Raspberry Pi 2 Model B. A perfect stocking stuffer for the mad scientist in your life.

Raspberry Pi 2 Model B. A fine stocking stuffer for the mad scientist in your life.

I meant to test it, maybe see if it would somehow set it on fire (like other “experiments”), and then report my findings. Would it be too weak to use? Was it a silly toy? Or would it become sentient and start beating up the other computers in the room?

I haven’t done much with it yet but I’m happy to report that Moore’s Law has worked its magic. The cheap little box (about the size of a cigarette case) is plenty sufficient for many purposes.

So the Raspberry Pi 2 seems pretty cool and (aside from the cutsey name) poses no major flaws. There’s more but I’m too busy to write it all up just now. While I dithered in reporting the Silicon Graybeard stole my thunder by mentioning them first. (What can I say, I’m always late to the party.) You should hear his reasoned discussion; which is likely more fully informed than me just noodling around with it for a few days.

In the meantime, here are some factoids of merit.

First: Just give up and buy the kit. You can buy all the parts separately and this will save you approximately zero dollars. Here’s how I know this. I priced out the following components:

  1. Raspberry Pi 2 Model B Project Board – 1GB RAM – 900 MHz Quad-Core CPU
  2. Raspberry Pi B+ Power Supply (5v 2A)
  3. 8GB Class 10 Micro SD Card Preloaded (NOOBS) Operating System for Raspberry Pi Model A A+ B B+ and Raspberry Pi 2 Model B
  4. AmazonBasics High-Speed HDMI Cable – 3 Feet (0.9 Meter) Supports Ethernet, 3D, 4K and Audio Return
  5. Wifi USB Plug – With Big Ass Antenna!

Then I bought it all in one kit because it was damn near the same price and I didn’t have to fret about whether some doohickey wasn’t compatible with the Pi’s flux capacitor. I can’t remember the price difference but shipping alone would kill any minimal savings. If you’re really into this sort of crap go ahead and buy like it’s a Chinese menu. If you’re busy or bored just buy say “screw it” and buy a CanaKit Raspberry Pi 2 Complete Starter Kit. The kit costs about $30 more than the board alone and includes the power supply, case, wifi dongle, microSD (preloaded software!), an HDMI cable, heat sinks, and instructions which are idiot proof.

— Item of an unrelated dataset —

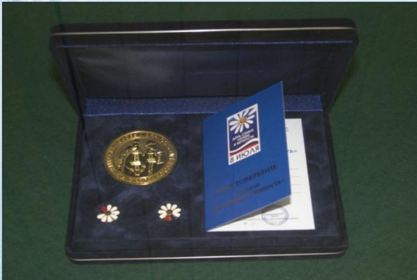
Памятная медаль Святых Петра и Февронии

It's not rocket science to buy the parts but the kit is just as cheap.

It’s not rocket science to buy the parts but the kit is just as cheap.

Second: You cannot possibly be too dumb to assemble the kit. Trust me! The case that comes with the CanaKit is so simple that a chimp with brain damage can do it. (You won’t even need a screwdriver.) I assembled it in 5 minutes and then spent the next 20 minutes wondering what I’d missed because nothing should be that easy.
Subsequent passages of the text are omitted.